-- EXERCISE DIRECTIONS --
Verbatim copy without pictures. Please print every entry as it stands.

(EXTRACTED MATERIAL)

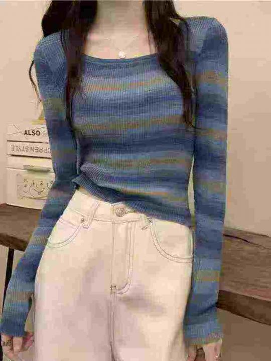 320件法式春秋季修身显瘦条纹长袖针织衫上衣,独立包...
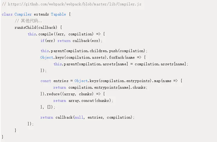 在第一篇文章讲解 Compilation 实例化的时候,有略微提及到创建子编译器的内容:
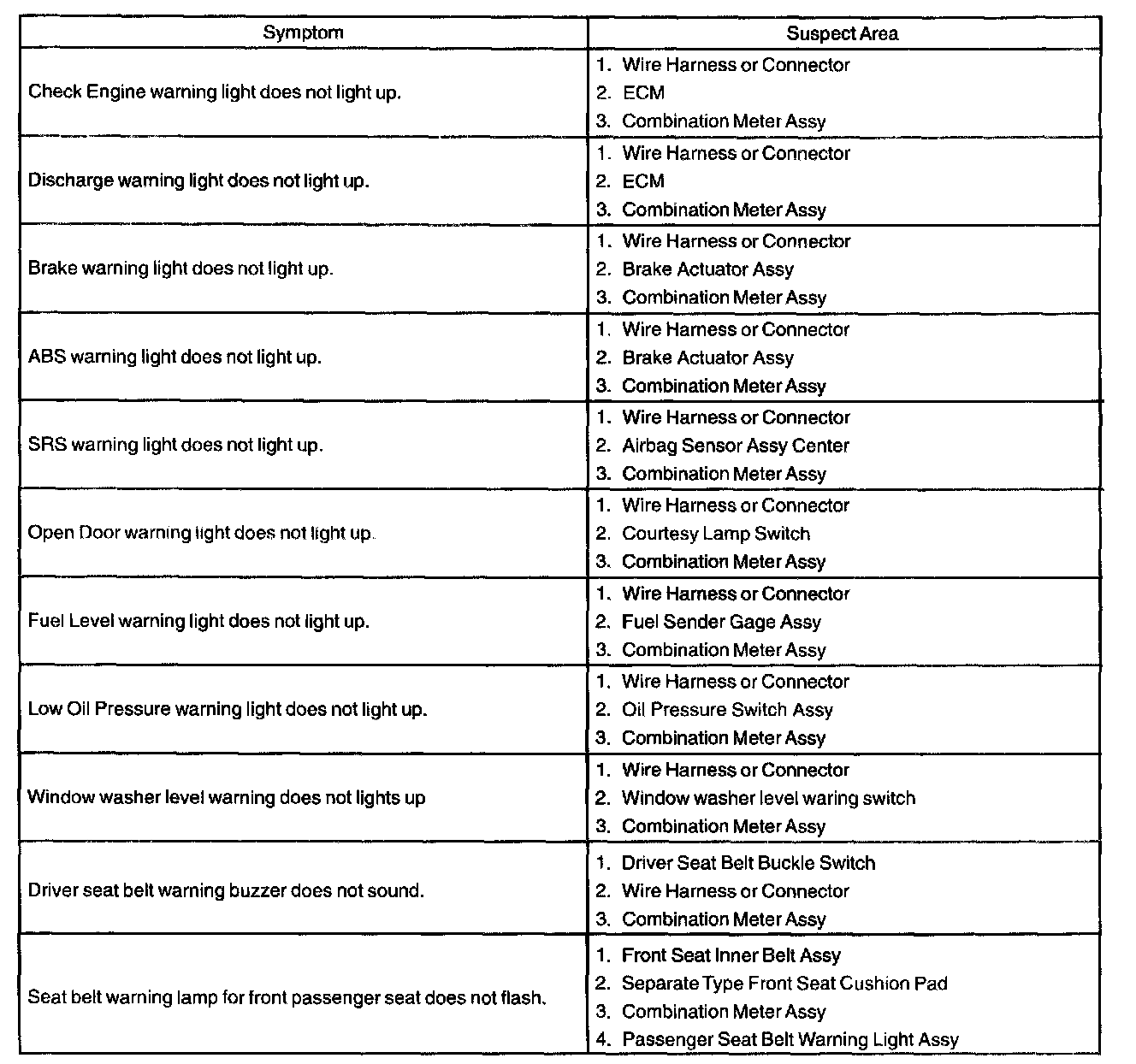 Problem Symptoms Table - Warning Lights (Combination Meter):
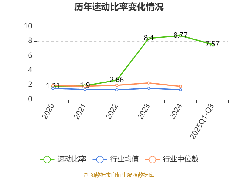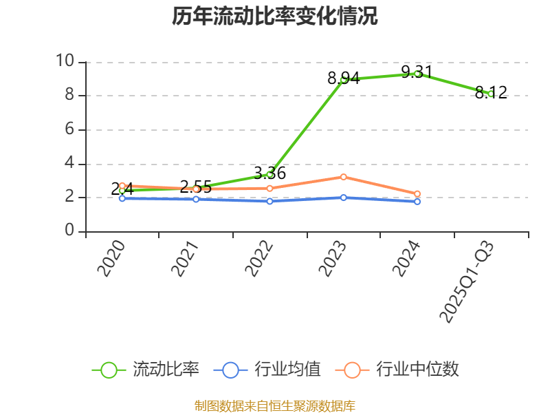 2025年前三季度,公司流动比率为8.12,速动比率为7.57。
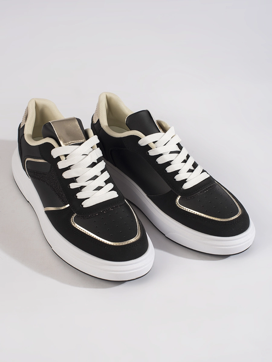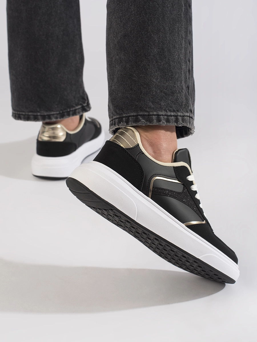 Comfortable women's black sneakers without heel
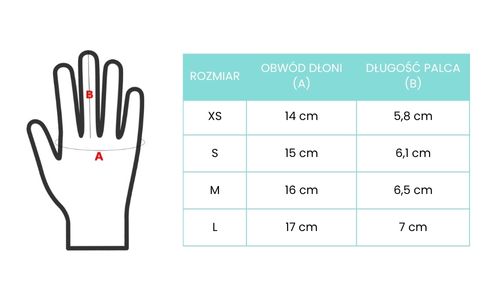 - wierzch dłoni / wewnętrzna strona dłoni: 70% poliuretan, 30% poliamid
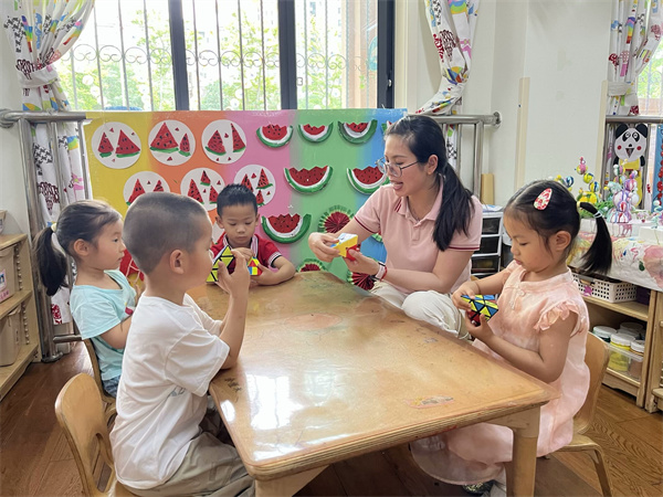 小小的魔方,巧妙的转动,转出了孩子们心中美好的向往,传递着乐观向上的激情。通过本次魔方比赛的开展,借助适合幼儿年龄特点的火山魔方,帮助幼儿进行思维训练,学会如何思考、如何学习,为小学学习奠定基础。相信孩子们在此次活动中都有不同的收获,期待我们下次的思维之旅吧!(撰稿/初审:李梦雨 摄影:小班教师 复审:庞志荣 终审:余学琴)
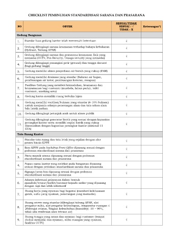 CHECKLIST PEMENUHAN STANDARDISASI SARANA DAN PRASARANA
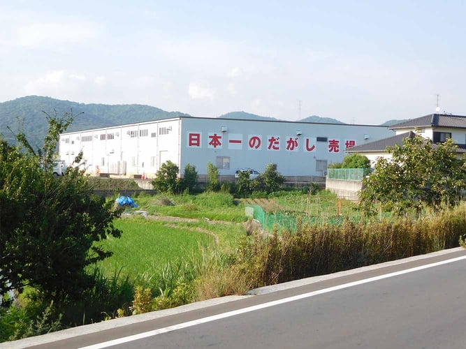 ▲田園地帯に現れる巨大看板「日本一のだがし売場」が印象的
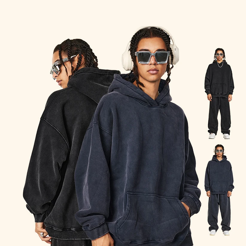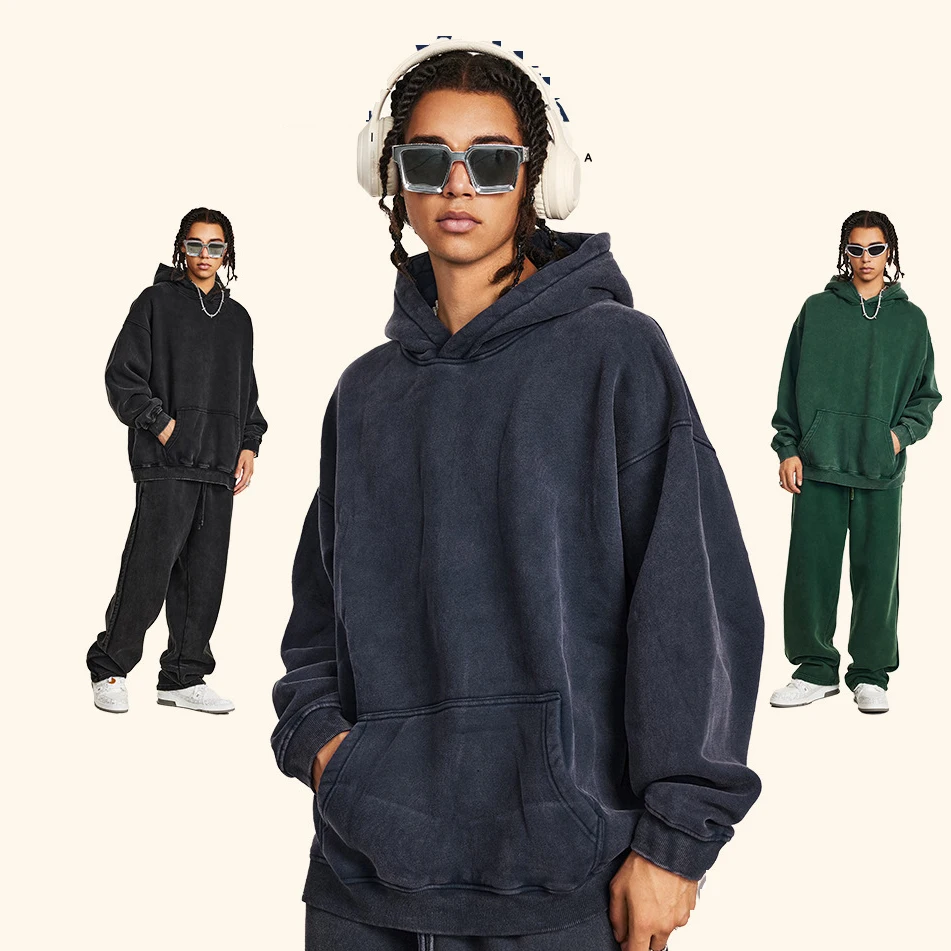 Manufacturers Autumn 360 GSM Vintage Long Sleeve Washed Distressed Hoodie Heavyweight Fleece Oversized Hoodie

(End EXTRACTED MATERIAL)

-- ANSWER SPACE --
 320件法式春秋季修身显瘦条纹长袖针织衫上衣,独立包...
 在第一篇文章讲解 Compilation 实例化的时候,有略微提及到创建子编译器的内容:
 Problem Symptoms Table - Warning Lights (Combination Meter):
 2025年前三季度,公司流动比率为8.12,速动比率为7.57。
 Comfortable women's black sneakers without heel
 - wierzch dłoni / wewnętrzna strona dłoni: 70% poliuretan, 30% poliamid
 小小的魔方,巧妙的转动,转出了孩子们心中美好的向往,传递着乐观向上的激情。通过本次魔方比赛的开展,借助适合幼儿年龄特点的火山魔方,帮助幼儿进行思维训练,学会如何思考、如何学习,为小学学习奠定基础。相信孩子们在此次活动中都有不同的收获,期待我们下次的思维之旅吧!(撰稿/初审:李梦雨 摄影:小班教师 复审:庞志荣 终审:余学琴)
 CHECKLIST PEMENUHAN STANDARDISASI SARANA DAN PRASARANA
 ▲田園地帯に現れる巨大看板「日本一のだがし売場」が印象的
 Manufacturers Autumn 360 GSM Vintage Long Sleeve Washed Distressed Hoodie Heavyweight Fleece Oversized Hoodie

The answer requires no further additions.